According to the study, the risk of invasive cervical cancer and recurrence of grade 2 or grade 3 abnormal cells was highest for women who were older than 40, previously treated for grade 3, or treated with cryotherapy, a common treatment method in which the abnormal cells are frozen to stop their growth. Rates of recurrence at grades 2 and 3 were lowest among women treated with cone biopsy, a method in which the abnormal cells are removed surgically.
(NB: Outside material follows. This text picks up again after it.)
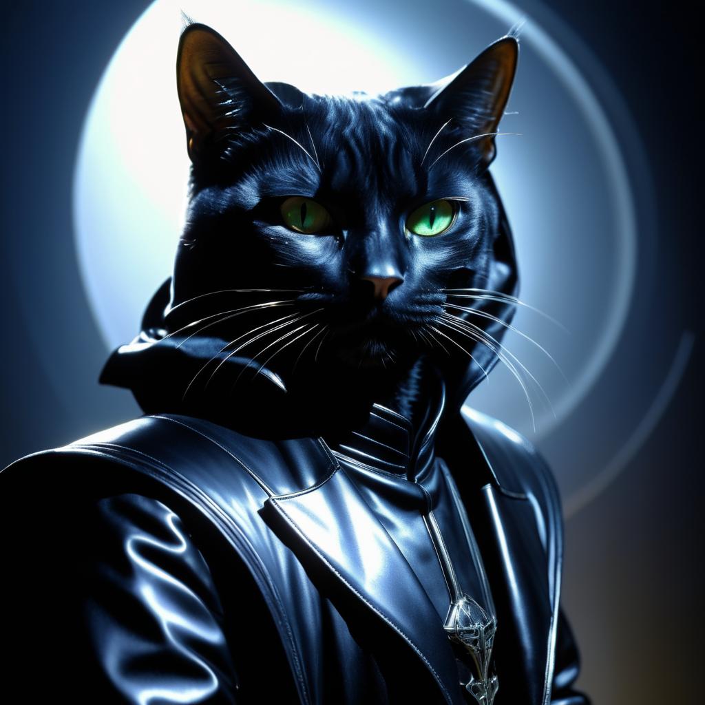 Portrait of a stealthy cat as an assassin, dramatic lighting, cinematic, ultra-realistic, styled by H.R. Giger, Moebius.

Melnikow said the findings could help guide physicians in making recommendations about the intensity of follow up needed after treatment for abnormal cells. In addition, she said the findings may help physicians and patients in deciding which type of treatment for abnormal cells to choose. She explained, for example, that while cryotherapy was associated in the study with a higher risk of recurrence, it carries less risk of other harmful effects than cone biopsy or loop electrical excision, procedures which have been associated with pre-term delivery in women who later become pregnant. This suggests that a younger woman with grade 2 abnormal cells who plans to start a family might opt for cryotherapy, while an older woman with grade 3 abnormal cells who is at greater risk for recurrence might opt for loop excision or cone biopsy.
"These data may help inform that treatment discussion, because we know more about how age and different treatments appear to influence risks," Melnikow said.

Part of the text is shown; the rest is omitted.